Application of Isobaric Tags for Relative and Absolute Quantification (iTRAQ) Coupled with Two-Dimensional Liquid Chromatography/Tandem Mass Spectrometry in Quantitative Proteomic Analysis for Discovery of Serum Biomarkers for Idiopathic Pulmonary Fibrosis.

BACKGROUND The present study was performed to explore the presence of informative protein biomarkers of human serum proteome in idiopathic pulmonary fibrosis (IPF). MATERIAL AND METHODS Serum samples were profiled using iTRAQ coupled with two-dimensional liquid chromatography/tandem mass spectrometry (2D-LC-MS/MS) technique, and ELISA was used to validate candidate biomarkers. RESULTS A total of 394 proteins were identified and 97 proteins were associated with IPF. Four biomarker candidates generated from iTRAQ experiments - CRP, fibrinogen-α chain, haptoglobin, and kininogen-1 - were successfully verified using ELISA. CONCLUSIONS The present study demonstrates that levels of CRP and fibrinogen-a are higher and levels of haptoglobin and kininogen-1 are lower in patients with IPF compared to levels in healthy controls. We found they are useful candidate biomarkers for IPF.

Background

Idiopathic pulmonary fibrosis (IPF), a progressive lethal interstitial lung disease of unknown etiology, primarily affects older adults, leading to a progressive decline in lung function and quality of life [1-4]. IPF is characterized by progressive scarring of the lung parenchyma, which leads to dyspnea and eventual respiratory failure. However, there are no established drug therapies because suitable symptoms for initiating therapy, best candidates for treatment, and conceivable role for combinatory therapies are still controversial [5,6]. Despite recently approved medical therapies, IPF has a very poor prognosis, with most patients dying within 5 years of diagnosis [7-11]. Early diagnosis of IPF is difficult. High-resolution computed tomography (HRCT), surgical lung biopsy, and multi-disciplinary team assessment play important roles in the diagnosis of IPF [12]. However, patients with atypical HRCT features require a surgical lung biopsy [13]. The availability of novel effective therapies [14], coupled with the limitations of traditional therapeutic combinations [15-17], have increased the urgency of accurate diagnosis of IPF. It is thus not surprising that great effort has been made to identify methods and biomarkers for reliable prognosis, and to support appropriate treatment regimens [18].

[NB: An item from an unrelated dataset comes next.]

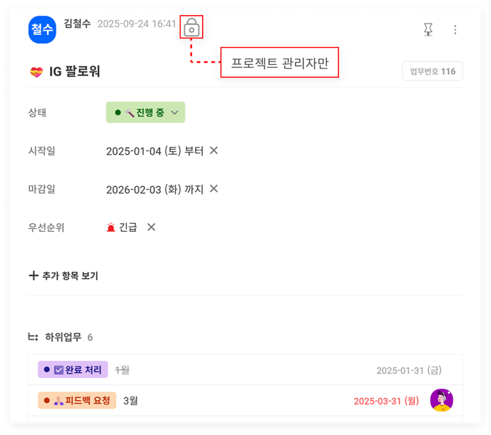 게시물 공개 설정이 '프로젝트 관리자만'으로 설정된 게시물을 확인할 수 있습니다.

Biomarkers for IPF are urgently needed as predictors of the progression and treatment response of the disease [19]. Molecular markers from circulating (e.g., blood) or lung-specific samples have been used to improve diagnostic and prognostic accuracy. Recent studies have identified several specific genetic variants that confer risks for the development of IPF [20,21]. Most of the studied biomarkers are used as disease prognosticators rather than disease-specific diagnostic tools [22]. Accurate and timely diagnosis is imperative.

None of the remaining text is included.